The Hedge Maze
Now where would poor Danny Torrance be without the Overlook's famous hedge maze? He'd be in Deadsville, Population: Danny.
As Mr. "Information Tool" Ullman says at the beginning of the movie,
"This is our famous hedge maze. It's quite an attraction around here. The walls are thirteen feet high and the hedges are about as old as the hotel itself."
Now mazes are something you'll find in famous art all the way back to the Ancient Greeks. But in this case, the maze is an especially good symbol for Jack Torrance's descent into madness. His is a winding, twisting path towards absolutely insanity… that eventually leads him to his death in the middle of the hedge maze. Fitting, eh?
As Mr. Ullman tells us, it's not easy to find your way out of the Overlook's hedge maze once you've gotten into it:
"It's a lot of fun, but I wouldn't go in there unless I had an hour to spare to find my way out."

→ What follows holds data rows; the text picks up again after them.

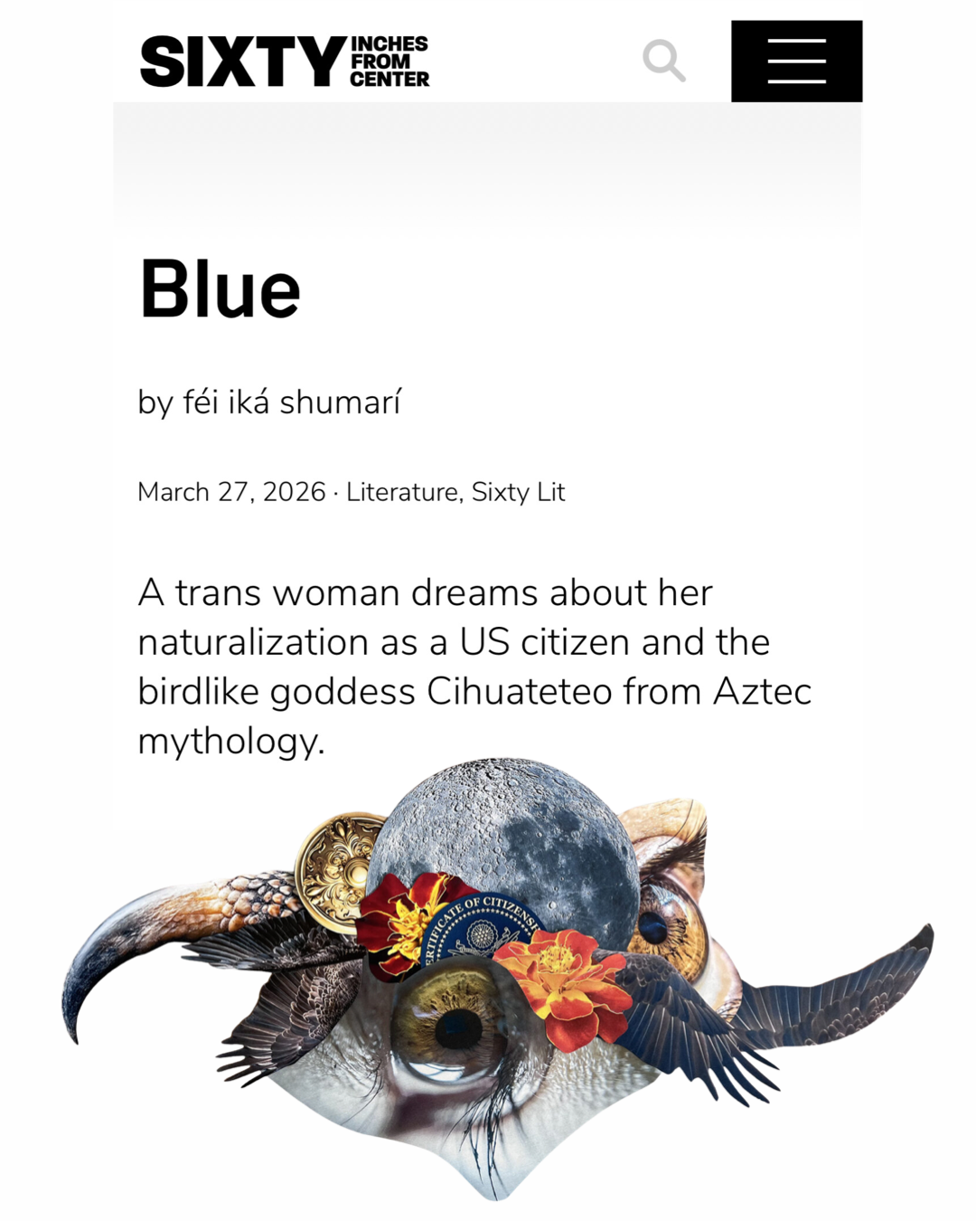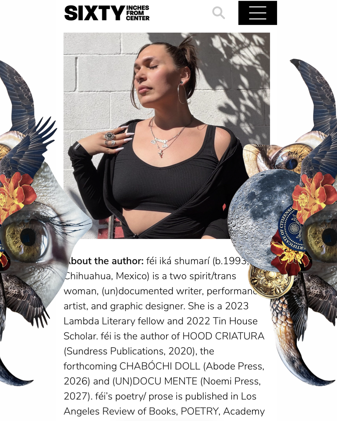 féi iká shumarí, otherwise known as féi hernandez (b.1993, Chihuahua, Mexico) is a two spirit/trans, (un)documented writer, visual artist, and healer. She is a 2023 Lambda Literary fellow and 2022 Tin House Scholar. féi is the author of HOOD CRIATURA (Sundress Publications, 2020), the forthcoming (UN)DOCU MENTE (Noemi Press, 2025) and CHABÓCHI DOLL (Abode Press, 2026). féi’s poetry/ prose is published in Los Angeles Review of Books, POETRY, Academy of American Poets, Hayden Ferry’s Review, Oxford Review of Books, TransLash Media, Somewhere we are Human( Harper Collins, 2022), Here to Stay (Harper Collins, 2024), Split This Rock, F News Magazine, and more. féi is descendent of the Pi’ma, Rarámuri, and Cora peoples. For more of her projects, designs, services and products visit: feiikashumari.com
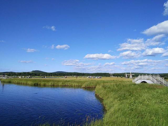 七星湖景区,天空蓝得透亮与澄澈的湖水呼应起来,蓝天草原的交界处有隆起的小山丘,走在木头栈道上,竟教人有置身童话幻境的错觉。
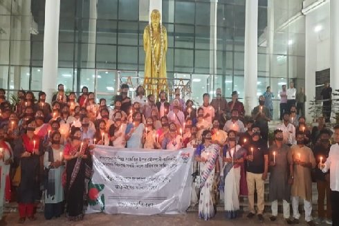 बांग्लादेश में सृजन शील साहित्य का अभ्यास करने वाले अधिकांश लोग अपने घरों के बिना भाग गए हैं। आज उनके खिलाफ मौन विरोध प्रदर्शन किया गया. उन्होंने सभी से बांग्लादेश की इस बर्बर घटना का विरोध करने का आग्रह किया।

Yet while Jack Torrance spends the movie trying to write, Danny familiarizes himself with the maze, and it's this knowledge that will eventually save his life. (Then again, you wonder why the ghosts of the Overlook couldn't help Jack get out, since they were powerful enough to let him out of a locked room. Maybe they were too busy at their perpetual Great Gatsby-themed party to learn how the hedge maze worked?)